Читаем Новый Мир ( № 11 2007) полностью

Картина, прямо скажем, выходит неутешительная: карта расстелена поверх разложения, сакральное имя, пройдя сквозь нарисованные ландшафты, тонет в пыли. Говорить о своей любви?Кому

говорить? До Бога высоко, до читателя — далеко, адресат на глазах и того, и другого опять рассыпается прахом. Лирическая героиня, перехватив духовные полномочия первого, упоенно реанимирует этот прах: “Лазарь, Лазарь, ну-тка, встань, / дай прильнуть к твоим устам. / Я бесстыжа, я смела, / у меня — свои дела. / Я водою окроплю, / околдую, оживлю, / отведу к мамаше в гости: /на, смотри, кого люблю”.

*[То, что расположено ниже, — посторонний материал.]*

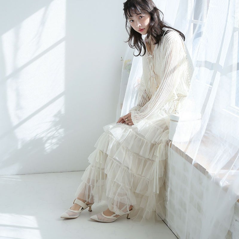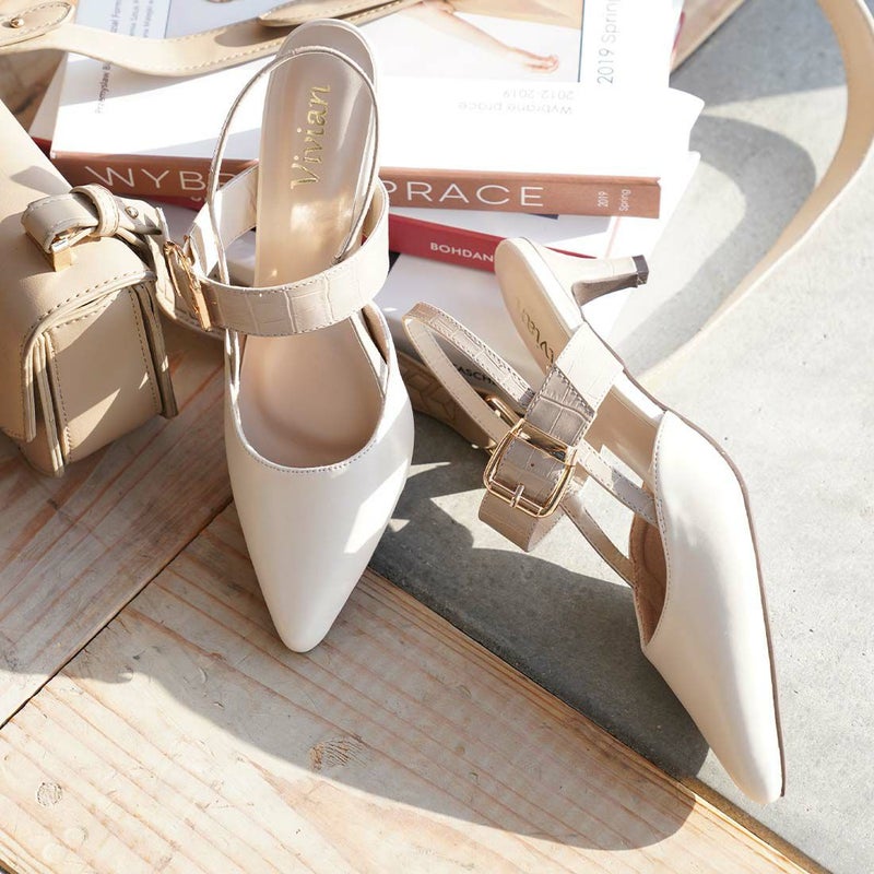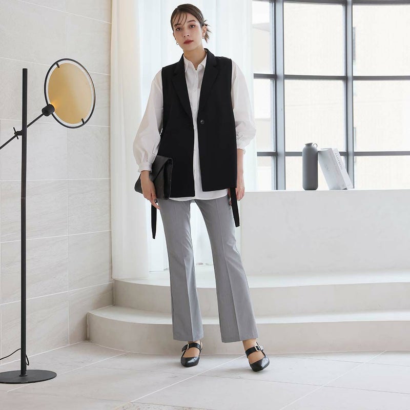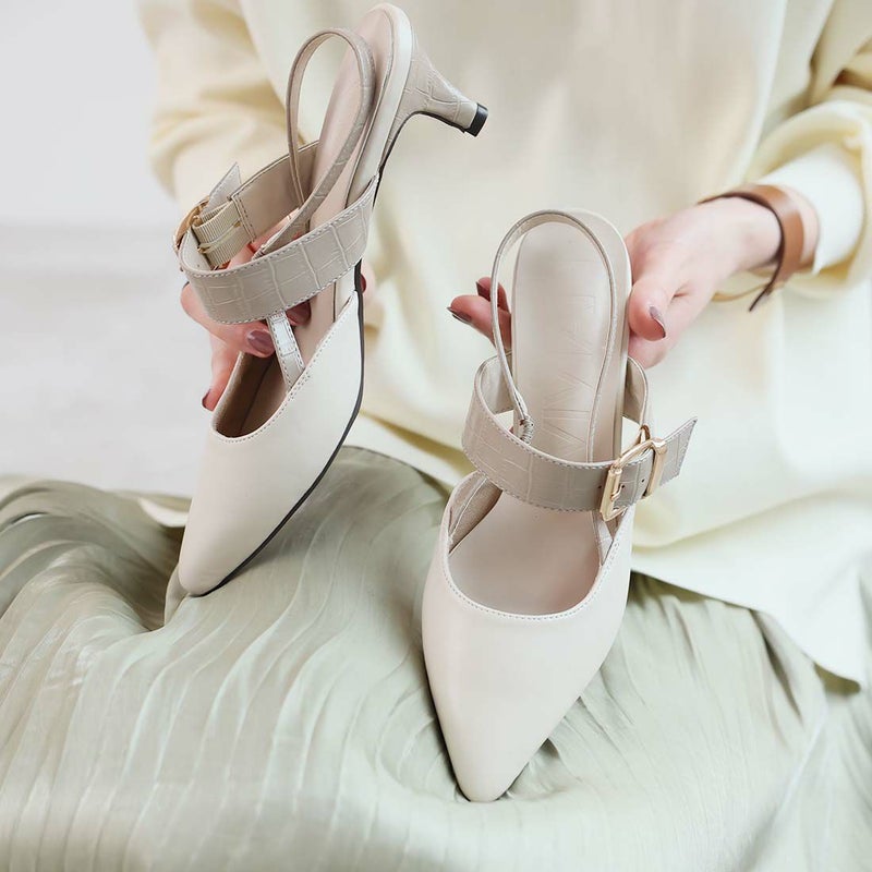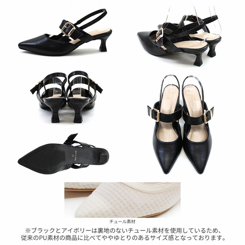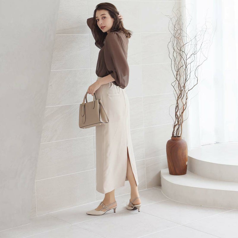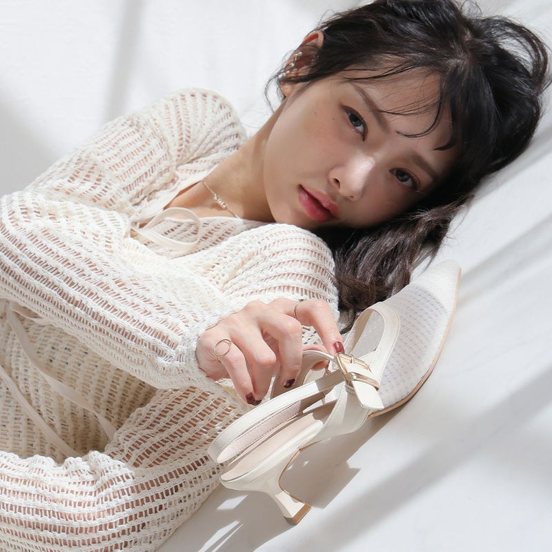 ・ポインテッドトゥ×バックストラップの組み合わせはお仕事コーデにも◎。

Поневоле подумаешь, что мамаша вправе ожидать здесь впечатляющей картины человеческого разложения, однако на сей раз проблема не в этом: если безличности любви сопутствует ни больше ни меньше как смерть автора, то и под саваном Лазаря зияет заведомая пустота. Единство чувства у Барсковой утверждается за счет тотального маскарада героев, причиной которому служит не пласт карнавальной культуры, но предельное понимание человеческого одиночества.

Философия поколения становится подкладкой любовного контекста. Ажиотаж, вспыхнувший в социуме вокруг тяги к самоопределению, преломился в поэзии преобладанием ролевого начала: откровение чувства само по себе теряет значение и смысл, индивидуальная ценность эмоции сходит на нет; там, где Лапшина разрабатывает архетипическую сюжетную схему, Барскова вселяется в персонажей, с позиции “человека играющего” выстраивает в исторической драме любовную роль. Впрочем, игровые приемы — приемами, бравада — бравадой, а атмосфера, сгущающаяся в реальности, обжигает всерьез:

Но водою я не стану, и не стану я огнем.

Вы — эфесские ребята — уж побудьте ни при чем.

Лучше стану я зегзицей, лучше стану я ресницей,

Или лучше — власяницей — поплотней к тебе прилечь.

Иль предлогом там, частицей… Потому что только речь

Хоть на миг да озаряет это смутное чело.

Полетает, поиграет. Что случилось? Ничего.